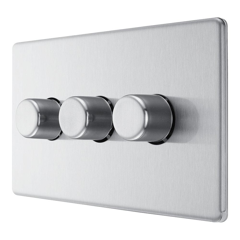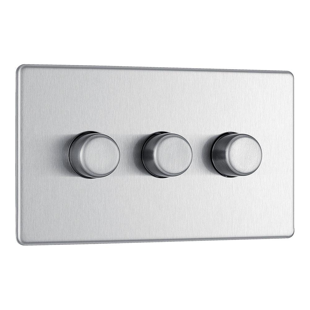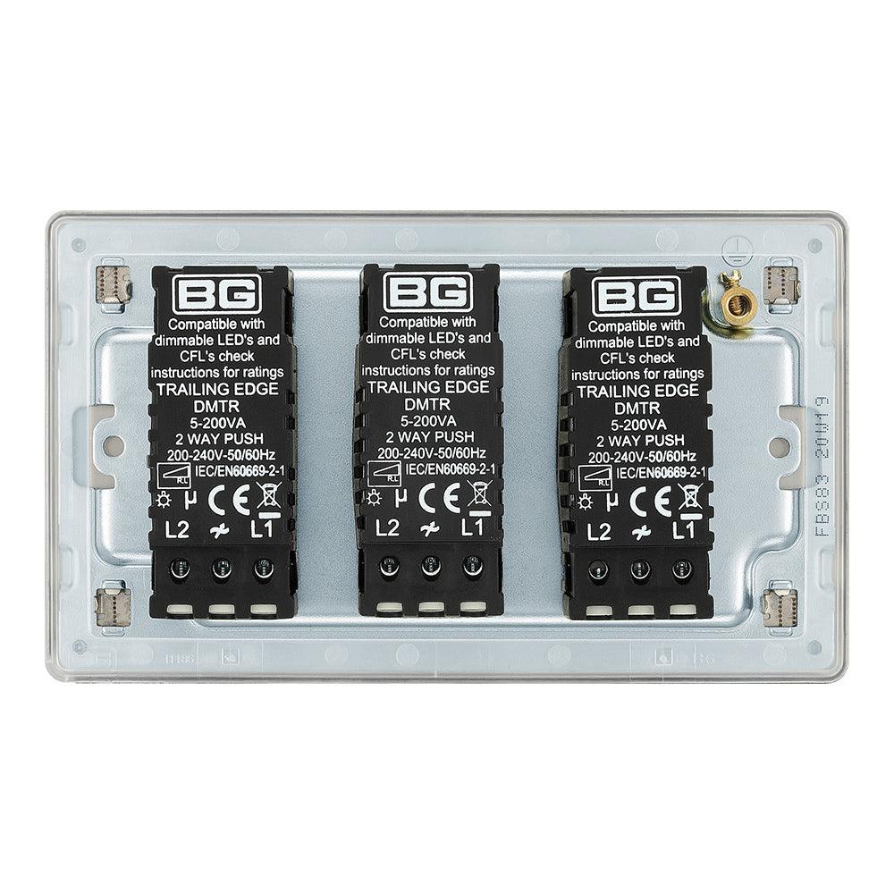 BG FBS83 Screwless Flat Plate Stainless Steel Triple Intelligent LED 2 Way Dimmer Switch
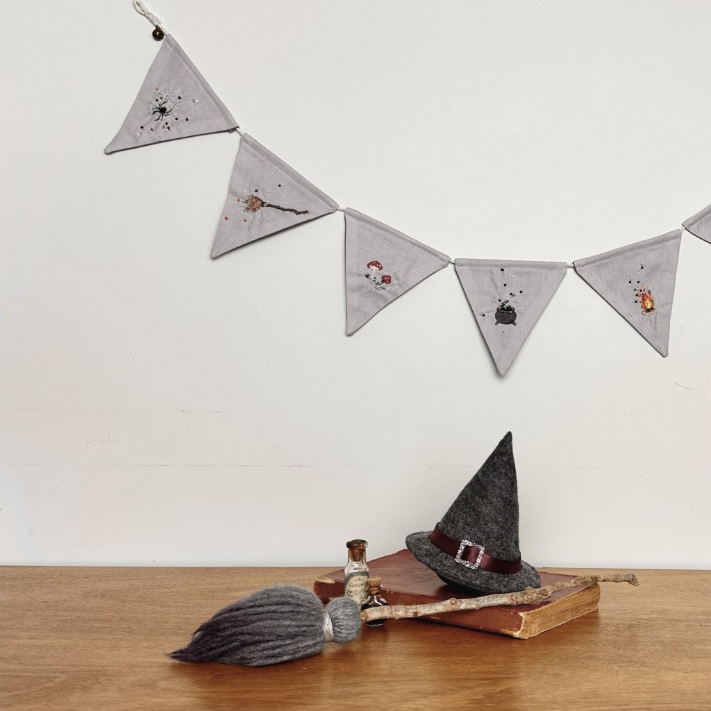 A miniature G rated witch bunting inspired by my love of Shakespearean female archetypes with supernatural powers is something that I am proud to add to my Halloween decor.
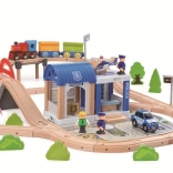 Ez a modern, forgalmas várost megidéző fa vonatkészlet mindent megad a gyerekeknek a hosszú, ötletes játékhoz. A készlet tartalmaz egy kék mozdonyt három vagonnal, változatos síneket, köztük emelt felüljárót, valamint tágas pályaudvart fedett peronnal. Nem hiányzik a rendőrautó, figurák, közlekedési táblák, lámpák, fák és további kiegészítők sem, amelyek valódi városi hangulatot teremtenek.
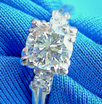 Earth mined Diamond Deco Engagement Ring 14k White Gold Vintage Estate Solitaire
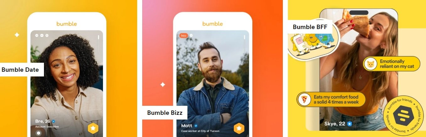 Bumble se presenta ante el mundo como una app de citas que quiere que las mujeres sean las que lleven la iniciativa, y, por lo tanto, las encargadas de decidir si quieren hablar con el resto de usuarios o no. A diferencia de otras aplicaciones, en esta, una vez se ha hecho match, las mujeres son las que tienen que iniciar la conversación, y si pasan más de 24 horas sin hablar en un chat, la misma aplicación es la que se encarga de eliminar el contacto. A diferencia de otras apps de citas, no solo tiene el objetivo de facilidad encontrar pareja, sino que ofrece a los usuarios tres funciones: buscar pareja, con Bumble Honey, hacer nuevos amigos, con Bumble BFF, y la de ampliar la red de contactos profesionales, con Bumble BIZZ.
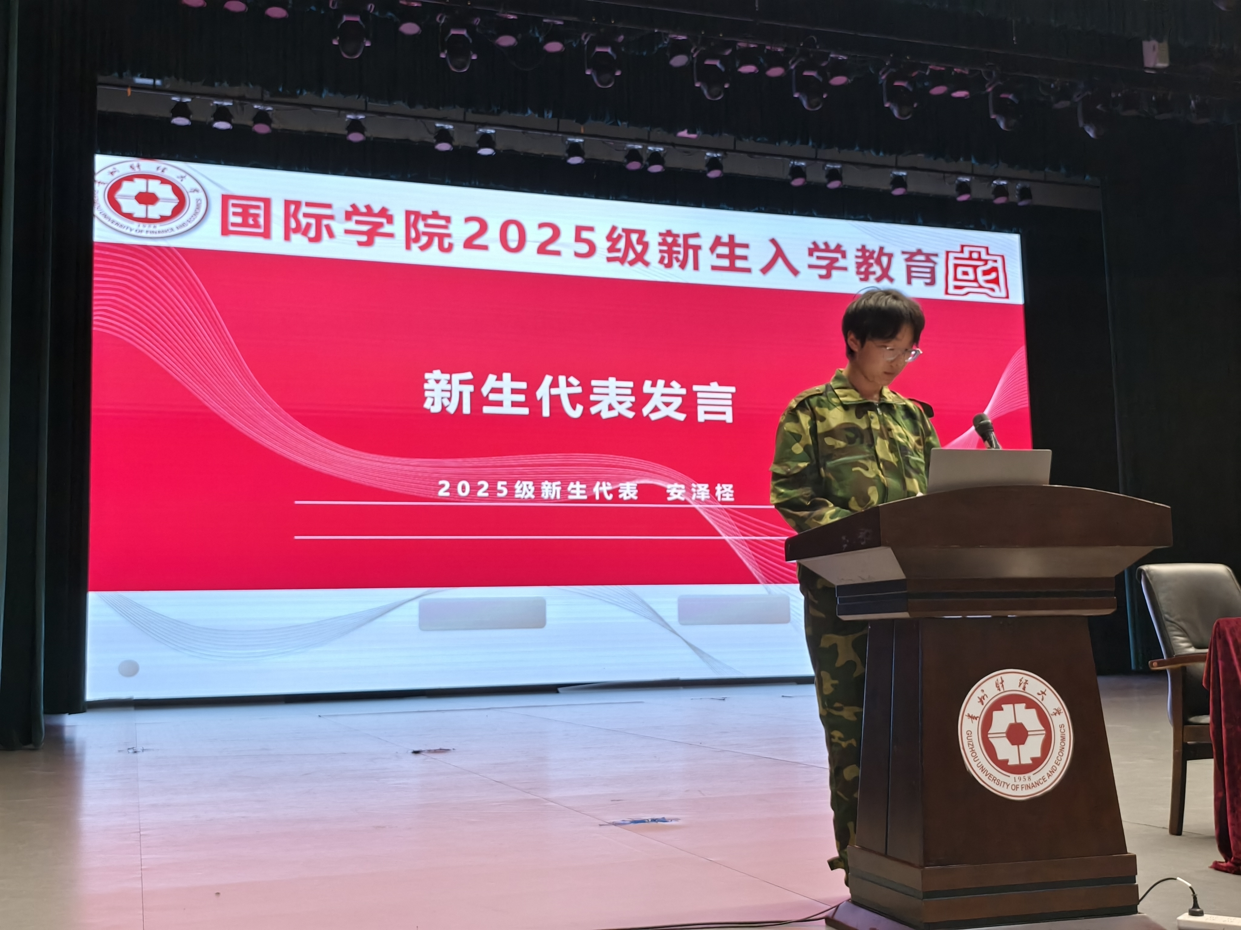 2025级新生代表安泽柽发言,他表示“将会在大学四年中将个人理想融入时代洪流,涓滴之力必能聚成发展巨浪,成为一名做敢闯敢试的探索者,做心怀家国的担当者!”
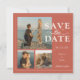 Anuncie seu dia especial com estilo com este cartão de save the date de terracota com fase lunar, apresentando espaço para três fotos. Projetado com uma paleta terrosa quente, tipografia moderna e acentos celestes em aquarela, este layout inspirado em boho é perfeito para casamentos no deserto, temas celestes e casais que amam uma estética romântica e moderna. Personalize facilmente as fotos, nomes e data para criar um item querido que os entes queridos adorarão.

○ ○ ○ ○ ○

> _What the task requires_: Starting at the first line of the entries, restate word for word everything through the line that holds "Earth mined Diamond", both ends included, but omit any pictures.

> _Exercise solution_:
 BG FBS83 Screwless Flat Plate Stainless Steel Triple Intelligent LED 2 Way Dimmer Switch
 A miniature G rated witch bunting inspired by my love of Shakespearean female archetypes with supernatural powers is something that I am proud to add to my Halloween decor.
 Ez a modern, forgalmas várost megidéző fa vonatkészlet mindent megad a gyerekeknek a hosszú, ötletes játékhoz. A készlet tartalmaz egy kék mozdonyt három vagonnal, változatos síneket, köztük emelt felüljárót, valamint tágas pályaudvart fedett peronnal. Nem hiányzik a rendőrautó, figurák, közlekedési táblák, lámpák, fák és további kiegészítők sem, amelyek valódi városi hangulatot teremtenek.
 Earth mined Diamond Deco Engagement Ring 14k White Gold Vintage Estate Solitaire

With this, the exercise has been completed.